**DATASET CONTENT:**
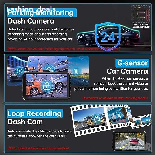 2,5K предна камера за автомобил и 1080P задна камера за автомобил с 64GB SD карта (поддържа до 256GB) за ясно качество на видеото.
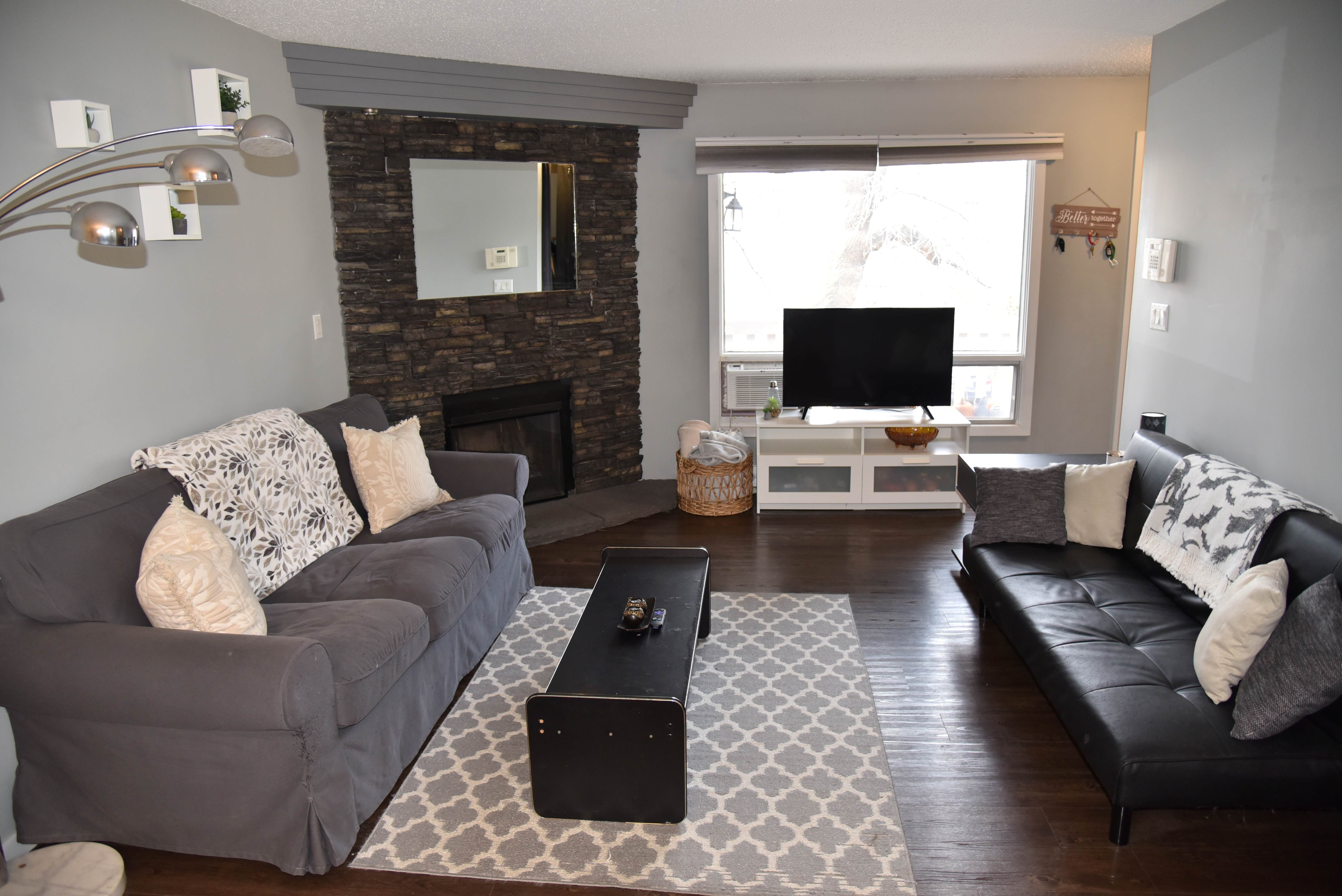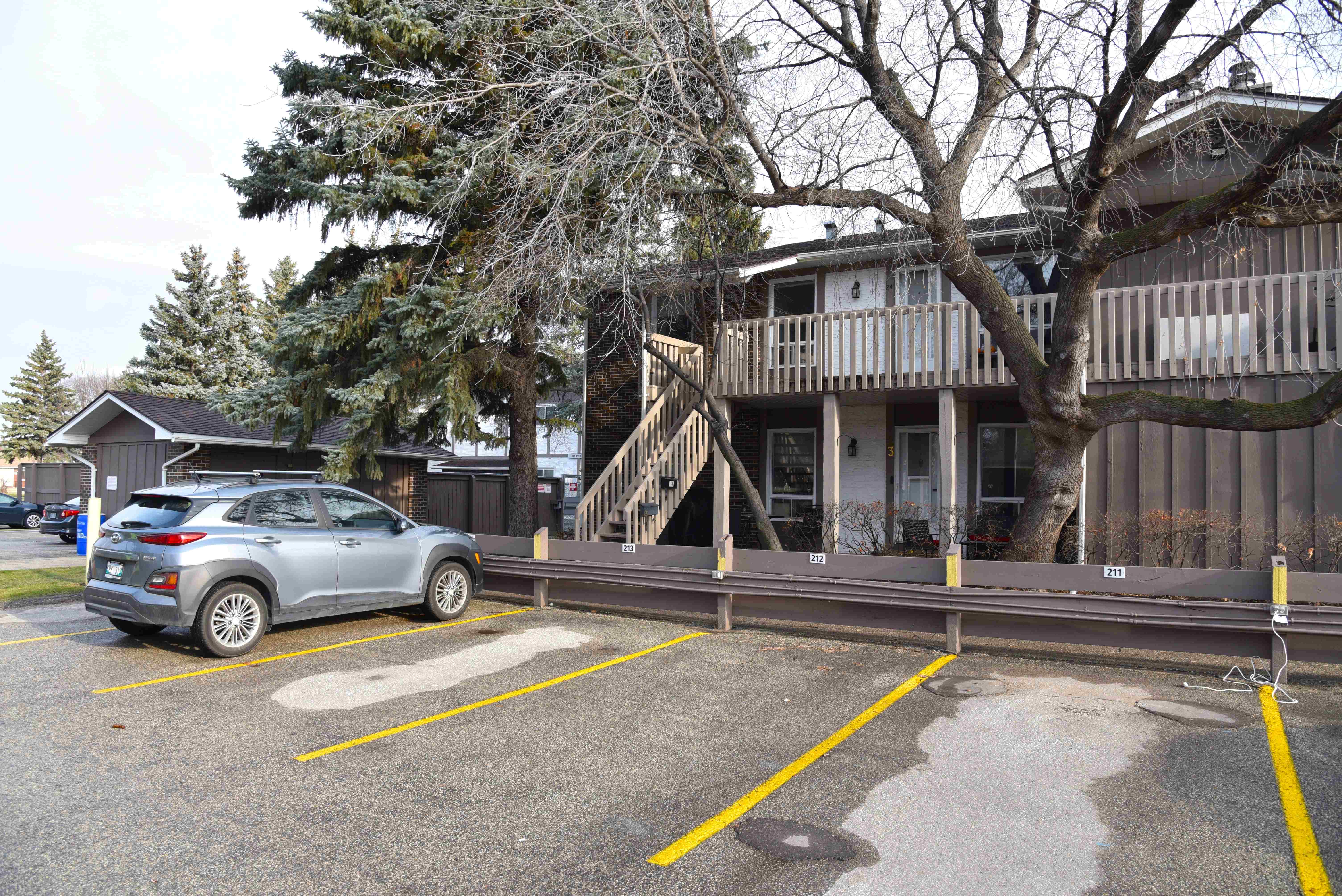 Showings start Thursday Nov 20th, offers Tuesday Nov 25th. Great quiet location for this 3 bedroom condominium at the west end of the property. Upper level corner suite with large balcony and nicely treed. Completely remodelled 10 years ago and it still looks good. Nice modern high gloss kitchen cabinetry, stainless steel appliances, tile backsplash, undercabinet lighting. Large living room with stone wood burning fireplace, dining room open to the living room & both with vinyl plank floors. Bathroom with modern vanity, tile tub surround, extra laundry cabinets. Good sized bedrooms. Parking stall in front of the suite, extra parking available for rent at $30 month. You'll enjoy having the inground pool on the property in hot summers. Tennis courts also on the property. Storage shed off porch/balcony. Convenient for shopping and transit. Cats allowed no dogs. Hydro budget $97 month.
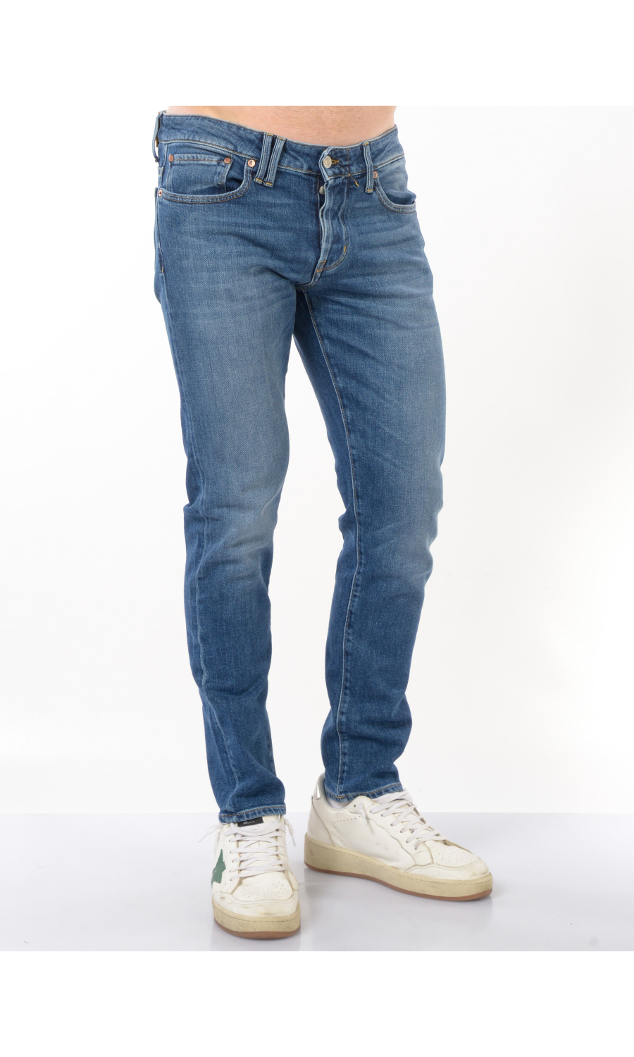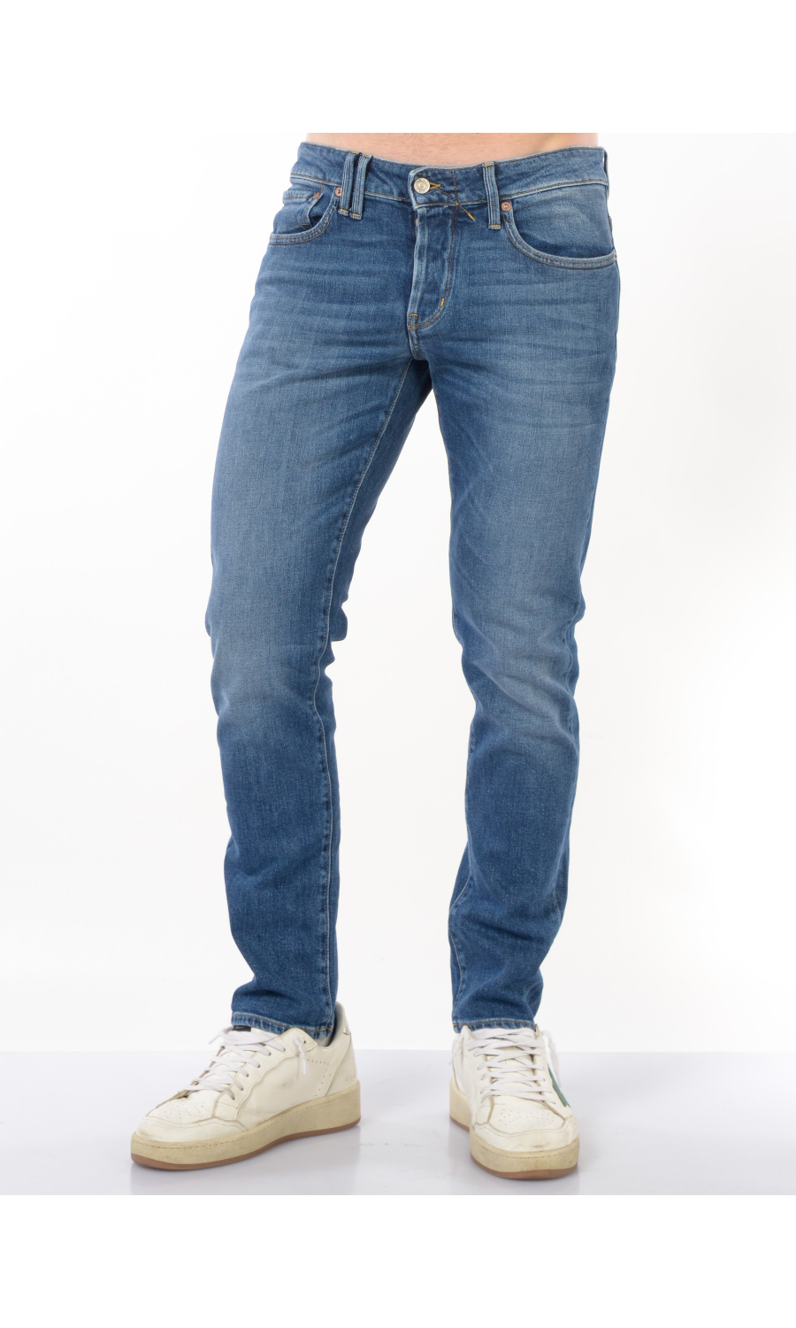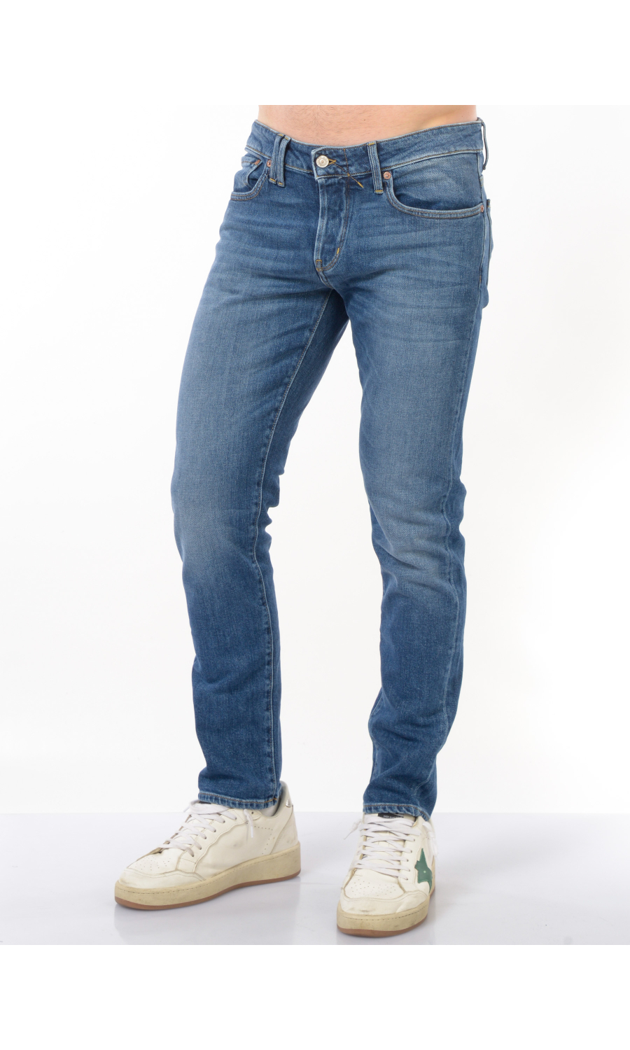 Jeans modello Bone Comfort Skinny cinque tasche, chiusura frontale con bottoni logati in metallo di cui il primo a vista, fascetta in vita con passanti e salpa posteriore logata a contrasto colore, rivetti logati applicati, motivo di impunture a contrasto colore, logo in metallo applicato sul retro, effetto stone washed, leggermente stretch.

**THE PROBLEM:**
Write out, exactly, the lines of the material from the very first through the line containing "Showings start Thursday", and leave out every picture.

**RESULT OF THIS TASK:**
 2,5K предна камера за автомобил и 1080P задна камера за автомобил с 64GB SD карта (поддържа до 256GB) за ясно качество на видеото.
 Showings start Thursday Nov 20th, offers Tuesday Nov 25th. Great quiet location for this 3 bedroom condominium at the west end of the property. Upper level corner suite with large balcony and nicely treed. Completely remodelled 10 years ago and it still looks good. Nice modern high gloss kitchen cabinetry, stainless steel appliances, tile backsplash, undercabinet lighting. Large living room with stone wood burning fireplace, dining room open to the living room & both with vinyl plank floors. Bathroom with modern vanity, tile tub surround, extra laundry cabinets. Good sized bedrooms. Parking stall in front of the suite, extra parking available for rent at $30 month. You'll enjoy having the inground pool on the property in hot summers. Tennis courts also on the property. Storage shed off porch/balcony. Convenient for shopping and transit. Cats allowed no dogs. Hydro budget $97 month.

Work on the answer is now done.